Hi @matt-smiley , How much would that reduce the size? The mentioned option 2 was already increasing just 0.5MB, so which kind of extra advantage brings building it on that way?

matt-smiley commented 2 years ago

@miguelaeh great questions! Notes for both are below.

How much would that reduce the size?

Compressing the debug sections would reduce the unstripped redis-server binary from 12.2 MB to 5.3 MB.

More details are at the end, in case you want to play with this some more.

The mentioned option 2 was already increasing just 0.5MB, so which kind of extra advantage brings building it on that way?

There are 2 complimentary sets of benefits we can get, summarized below.

The smaller option (preserving symbol tables) provides names for most of the functions, but nothing else. This is incredibly useful for performance profiling, and as you know, it costs very little extra size on disk (and no extra size in memory at runtime). This is the main thing that @igorwwwwwwwwwwwwwwwwwwww and I want, because it preserves the ability to observe where Redis is spending its time while under specific production workloads, which has let us make efficiency improvements to both Redis itself and our client application behavior.

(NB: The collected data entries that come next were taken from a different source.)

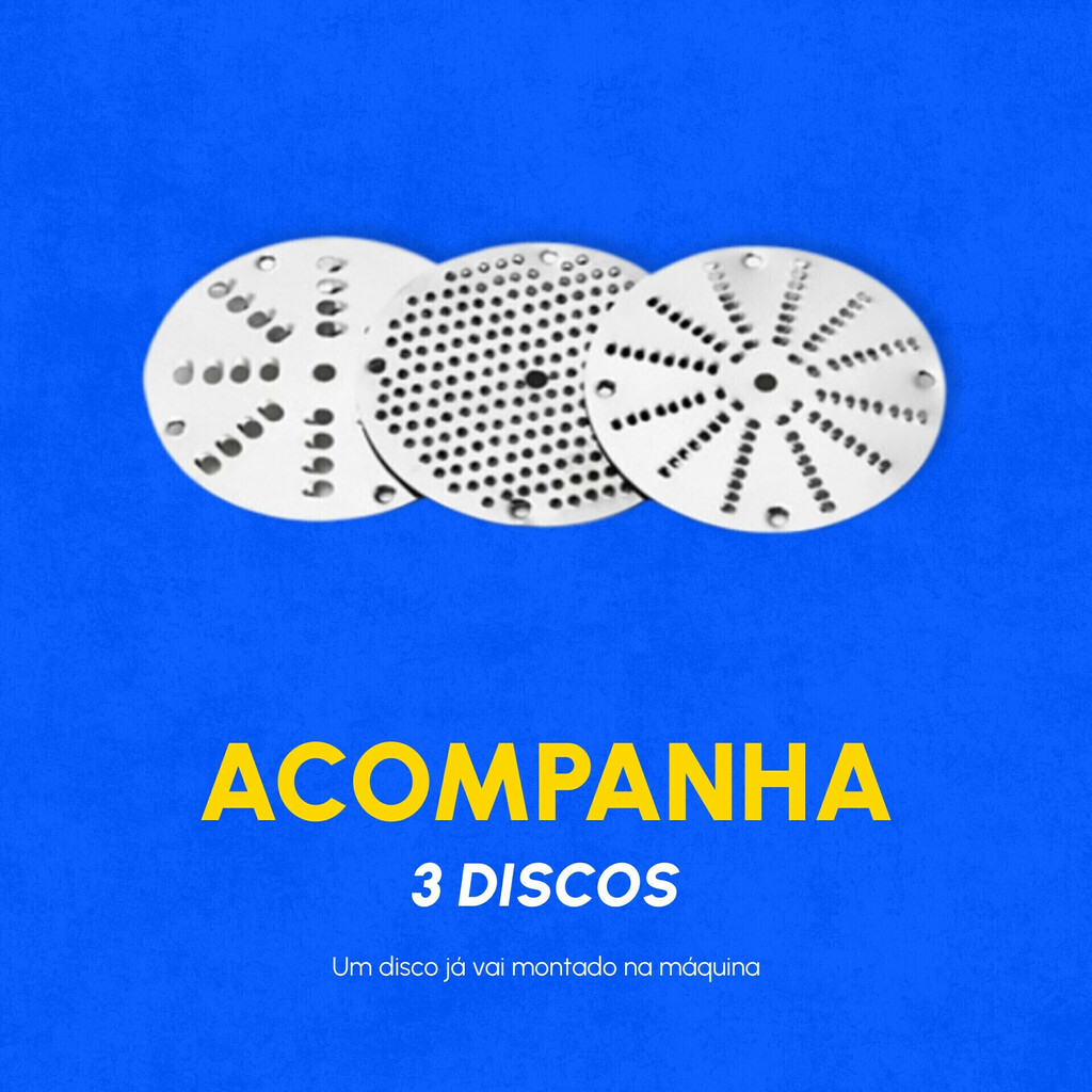 Discos inclusos: 1 ralador/triturador, 1 desfiador 5mm, 1 desfiador 8mm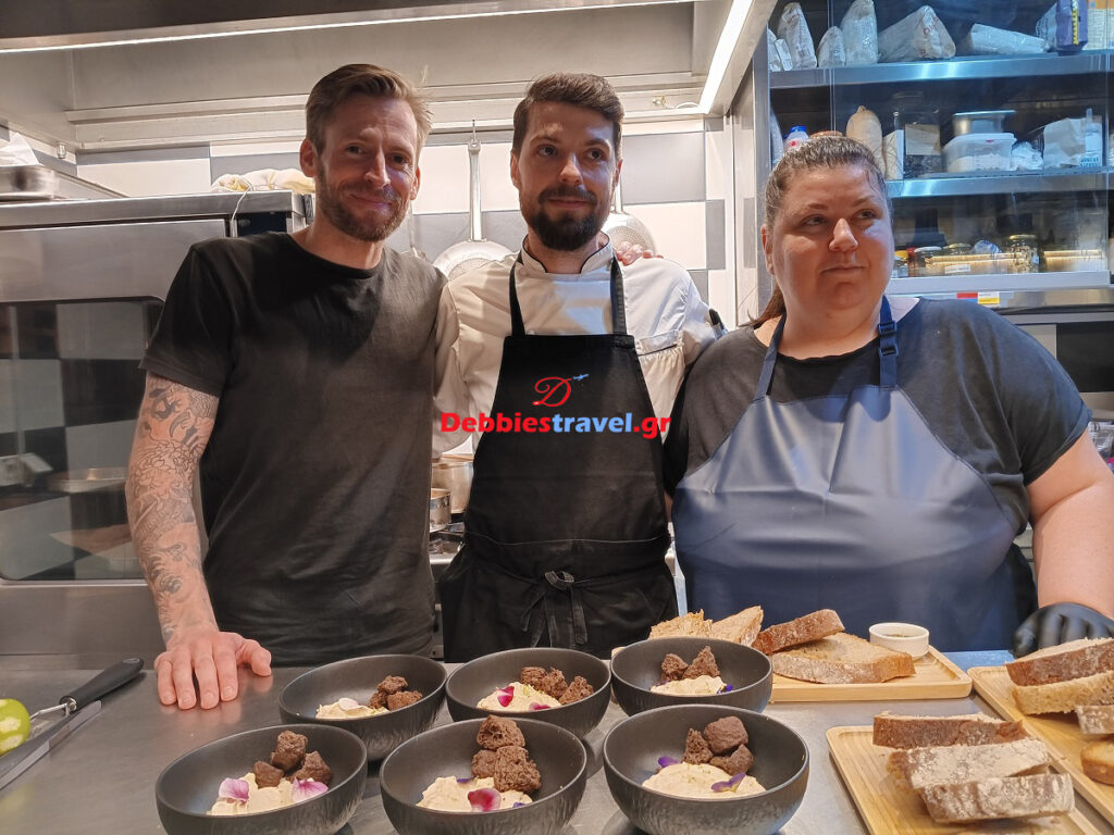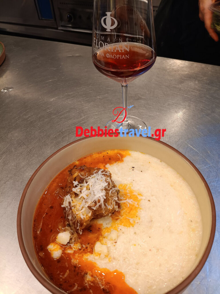 Σαλάτα με άγρια χόρτα, κρέμα από παντζάρια, φιστίκια Αιγίνης και γαλοτύρι, ενώ στη συνέχεια περάσαμε στα κυρίως.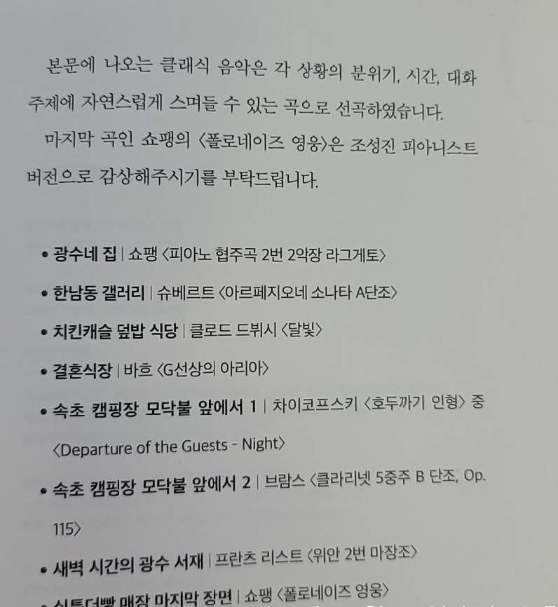클래식 음악이 많이 나온다... 작가님이 하루키 영향을 많이 받았나 싶음.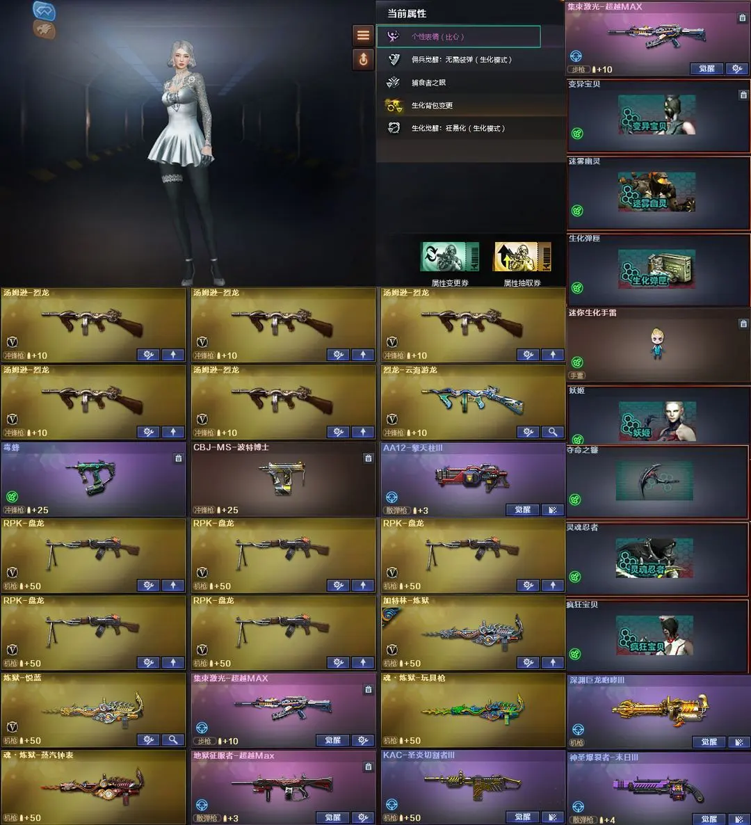 【装备道具】:传说暗裔/传说幽瞳★M200-幻神★M200-幻神-荣耀世冠白鲨/Scar Light-白虎/QBZ03-金色蔷薇/王者芳薇/王者星神/黄金猫猫手套-白鲨★5烈龙/5盘龙/毒蜂/轻型军用手斧-镜/加特林-炼狱/迷你生化手雷★雷神-荣耀之魄/雷神-虎将麒麟刺-荣耀世冠白鲨★QBZ03-金色蔷薇/Scar Light-白虎/白虎-电玩蓝兔/黄金猫猫手套-白鲨★COP-白鲨★✨幻灵手雷套✨四防王者炽天使/王者潘多拉/雨棠★炫金毁灭★王者星神/王者芳薇/王者之武/王者之势/王者白虎/炼狱-悦蓝★龙儿/魅影/铁骑荣耀/雨棠/王者潘多拉/王者炽天使/王者凌霄/复仇者/堕天使/影武者-X/救世主-X/斯沃特-X/潘多拉-X/娟娟/妲己/灵狐者-黄金海岸/紫霞/麻雀/萌儿/超能特工/兔囡囡/乔伊教练/云海玲珑/奇洋探员/木兰★生化弹夹防化服变异宝贝死亡之眼★佣兵觉醒手斧镜减速雷★捕食者之眼死亡之眼超级对讲机不退包★超级背包无需换弹查看血量★
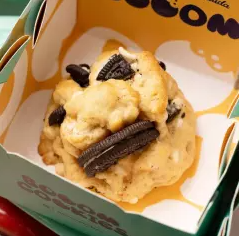 Galleta con trozos de oreos y chocolate blanco, cremosa y crujiente por fuera, suave por dentro.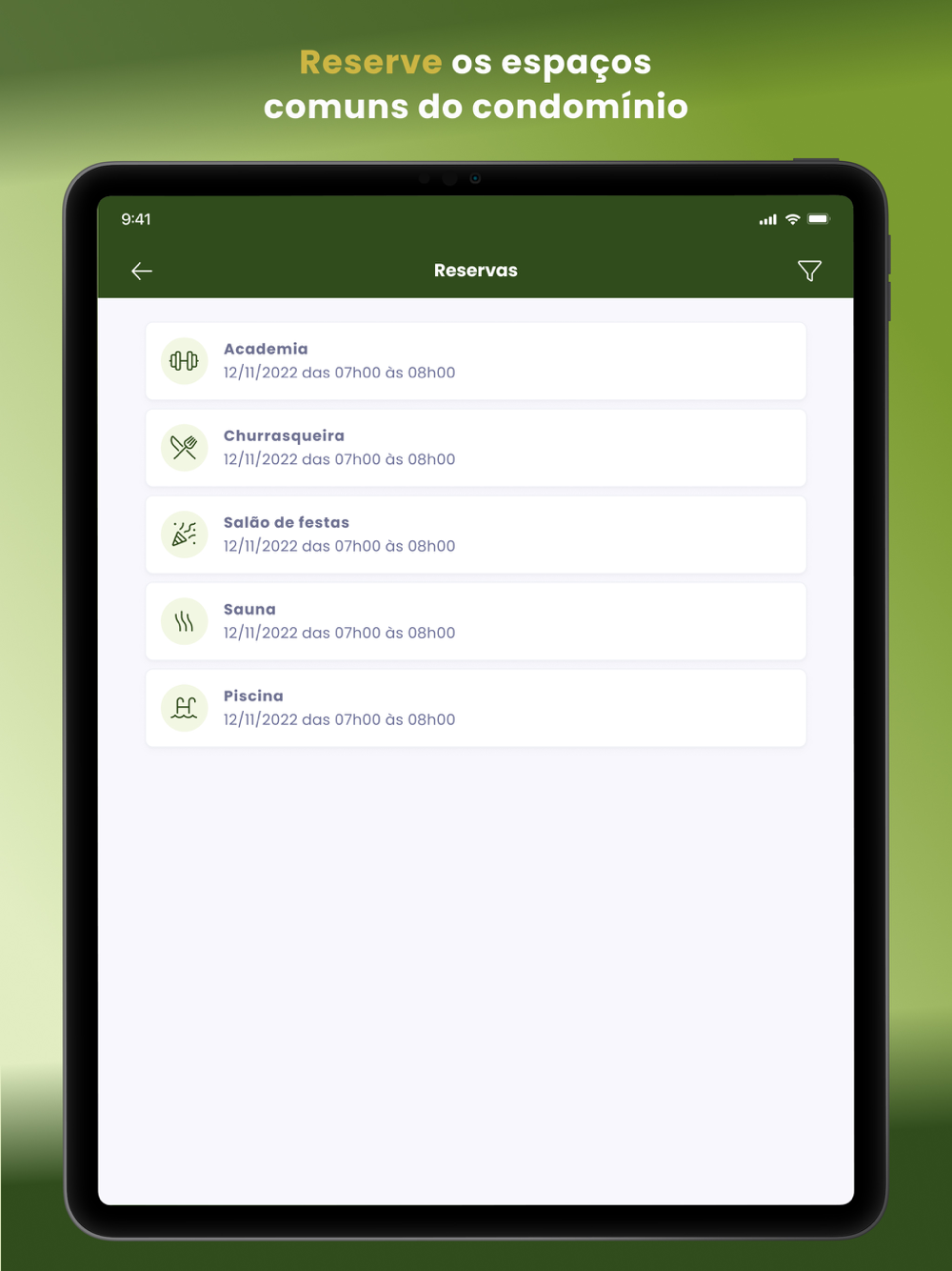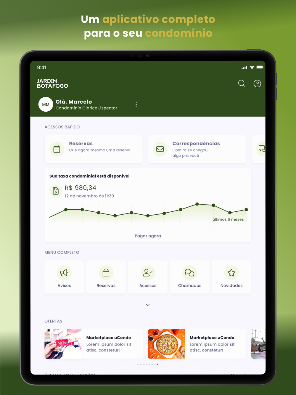 • RESERVAS: Moradores realizam reservas dos espaços comuns (churrasqueiras, salão de festas…) através do app Condomínio Jardim Botafogo. Chega de ligar na portaria ou síndico para consultar a agenda dos espaços.

The larger option (preserving debug sections) includes the above benefits and also adds much more precise information about the binary's relationship to the original source code. Some examples of what it supports:

Essentially the symbol table just provides the starting address and name of most functions, whereas the debug sections provide a much more detailed and accurate mapping of machine instructions to source code. With some kinds of analysis, we don't need the higher level of precision, but with other kinds of analysis, it can save a huge amount of time and guess-work. It really depends on what the engineer is trying to do. Just preserving the symbol tables is a great improvement. If we can also provide the debug sections without costing too much extra size (i.e. by compressing them), I think that's worth including too, even though in my own work I usually only need the symbol tables.

That's why I lean towards compressing (rather than stripping) the debug sections. But I would be very happy with either.


Supplemental details on the size comparison.

Since the Bitnami image already saves space by using symlinks for redis-sentinel and friends, there are only 3 Redis binaries in the image. The most important one is redis-server.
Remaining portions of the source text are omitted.